Re: Finding the Number of Pythagorean Triples below a bound
- To: mathgroup at smc.vnet.net
- Subject: [mg68232] Re: Finding the Number of Pythagorean Triples below a bound
- From: Peter Pein <petsie at dordos.net>
- Date: Sun, 30 Jul 2006 04:47:56 -0400 (EDT)
- References: <eaeqa3$53v$1@smc.vnet.net>
- Sender: owner-wri-mathgroup at wolfram.com
titus_piezas at yahoo.com schrieb:
> Hello all,
>
> Given the equation a^2+b^2 = c^2 with (a,b,c) positive integers,
> 0<a<=b. (For argument's sake, a=b will be allowed.) Let S(10^m) be the
> number of solutions with hypotenuse c < bound 10^m. (They need not be
> primitive.)
>
> Problem: Find S(10^m).
>
> What would be an efficient Mathematica code for this?

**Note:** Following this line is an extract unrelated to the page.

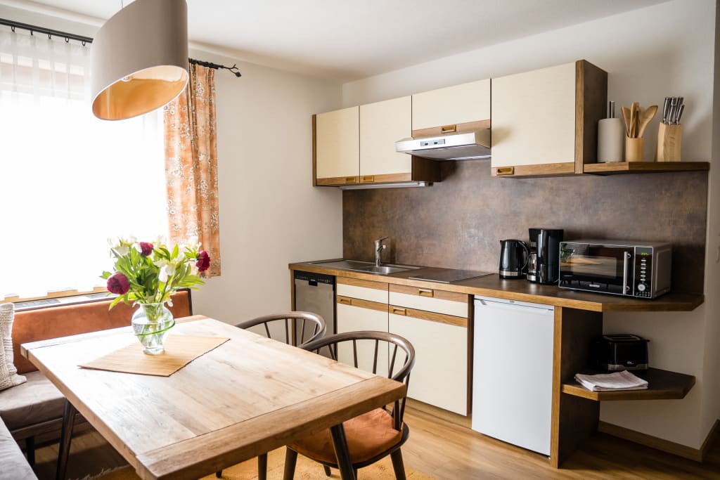 Appartements zum Wohlfühlen ... Appartements Melanie verfügt über eine sehr schöne Küche , Wohnzimmer , Bad mit Dusche und WC und Föhn , gemütliche Sitzgruppe , eigenem Essplatz , Sat TV , Radio und vieles mehr verfügen. Die Küche ist mit einer Komplettausstattung wie Geschirrspüler , Mikro, 4 Feld Kochplatte , Backrohr , Kühl und Gefrierschrank , Kaffeemaschine , Wasserkocher , komplettes Geschirr und Besteck , usw. Eigener Parkplatz.

The explicit
> (a,b,c)'s are not needed, just S(10^m). I also need "m" as high as
> possible, maybe m=6,7, with a reasonable run-time, say, less than an
> hour. (A kind person gave me a code but told me it may be practical
> only up to m=3.)
>
> I stumbled upon some code some time ago, but it only gives the explicit
> (a,b,c)'s with c<10^m, not the count:
>
> Block[{a,b}, For[a=1,a<(10^m/Sqrt[2]),a++, For[b=a,b<10^m,b++,
> If[Sqrt[a^2+b^2]==Round[Sqrt[a^2+b^2]]&&Sqrt[a^2+b^2]<10^m,
> Print[{a,b,Sqrt[a^2+b^2]}]]]]]
>
> for some positive integer "m". Can the above program be modified to
> give S(10^m)? Or what program would be fast, for m=6,7?
>
> Any help would be appreciated. Thanks.
>
> -Titus
>
Hi Titus,
using a huge amount of RAM, on can obtain quite short times:
See http://mathworld.wolfram.com/PythagoreanTriple.html, formula (11)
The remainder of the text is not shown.